(dissenting). I respectfully dissent, inasmuch as I disagree with my colleagues that defendant is not entitled to summary judgment dismissing the complaint.
With respect to the issue whether the damage to plaintiffs foundation wall constituted a “collapse” within the meaning of the homeowners’ insurance policy in question, I conclude that defendant established as a matter of law that there was no collapse within the meaning of the homeowners’ insurance policy in question. The policy specifically defines its coverage for collapse with respect to buildings as “an abrupt falling down or caving in” and provides that “[a] building or any part of a building that is standing is not considered to be in a state of collapse even if it shows evidence of cracking, bulging, sagging, bending, leaning, settling, shrinkage or expansion.” Here, it is undisputed that plaintiffs home, and all component parts thereof, remained standing and had not abruptly fallen down or caved in.

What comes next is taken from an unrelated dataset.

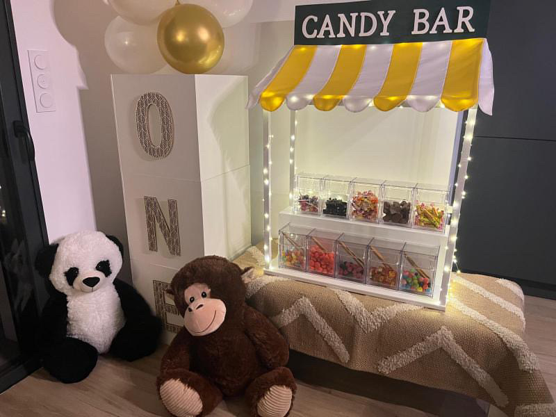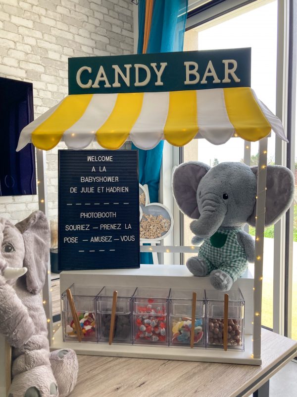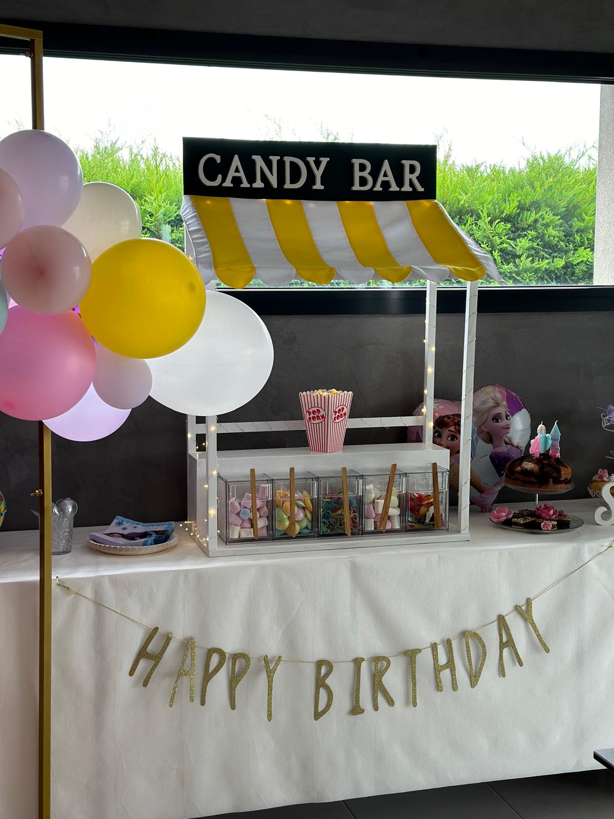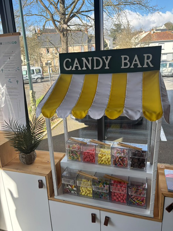 Deux guirlandes led (piles fournies) sont disposées sur les montants du candy bar.

In my view, the nature of the damage was best described by plaintiff in her deposition testimony, wherein she stated that one of the foundation walls “moved in” and had not fallen in completely. The policy language concerning collapse is unambiguous and does not cover a condition that can at best be described as presenting a danger of imminent collapse rather than the actual and abrupt collapse or caving in covered by the policy (see Rector St. Food Enters., Ltd. v Fire & Cas. Ins. Co. of Conn., 35 AD3d 177, 178 [2006]).

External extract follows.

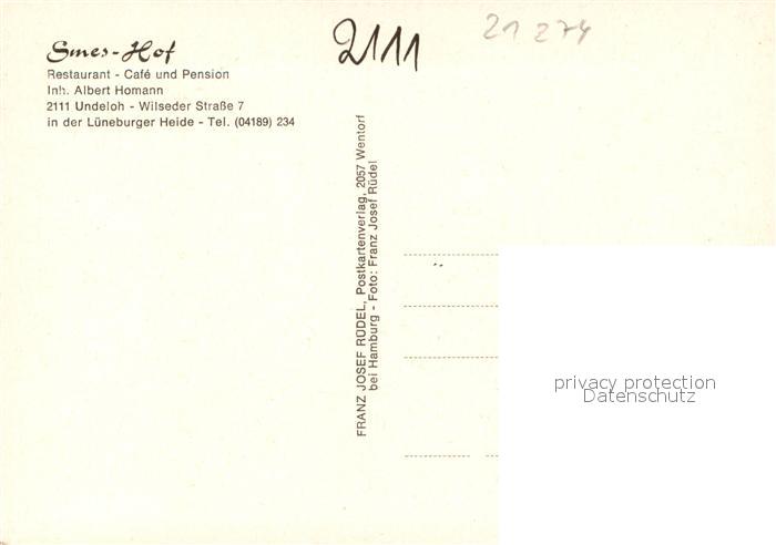 73569262 Undeloh Gasthof Smes-Hof postalisch nicht gelaufen Erhaltung siehe scans [PaolaD17] KatCode: 11110003353036

I further disagree that what the majority refers to as “structural weakening” is a peril insured under the policy. “Structural weakening” is a result rather than a cause of a loss, and plaintiffs own expert opined that the “structural weakening” resulted from “ground frost during the 2003-2004 winter season.” There is thus no coverage under the unambiguous language of the policy, which provides that defendant does not insure for loss “[claused by . . . [freezing, thawing, pressure or weight of water or ice . . . to a . . . [foundation, retaining wall, or bulkhead.” “Ground frost” is the non-covered cause and “structural weakening” is the result.

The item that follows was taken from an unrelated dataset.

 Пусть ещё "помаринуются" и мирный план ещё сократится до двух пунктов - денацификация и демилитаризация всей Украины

I further disagree with the majority that plaintiff raised an is*1501sue of fact with respect to the policy exclusion for inadequate construction or design. The majority cites only to the conclusion of plaintiffs expert that the loss was caused by “ambient soil pressure,” and thereby ignores that part of the opinion of the expert that the “ambient soil pressure exerted against the basement wall in its weakened state resulted] in structural failure” (emphasis added). In my view, the “weakened state” is the same result, i.e., the structural weakening, caused by the “ground frost” discussed by the expert earlier in his affidavit. Thus, the opinion of plaintiffs own expert expressly establishes that the loss was caused by freezing water, a peril not covered under the policy. It is noteworthy that plaintiffs expert fails to explain how “ambient soil pressure” in the absence of the “weakened state” resulting from “ground frost” is a covered peril, rather than merely an expected or ordinary condition encountered by all foundations, “weakened” or not.
I therefore would reverse the order and grant defendant’s motion for summary judgment dismissing the complaint. Present — Fahey, J.P., Carni, Green and Gorski, JJ.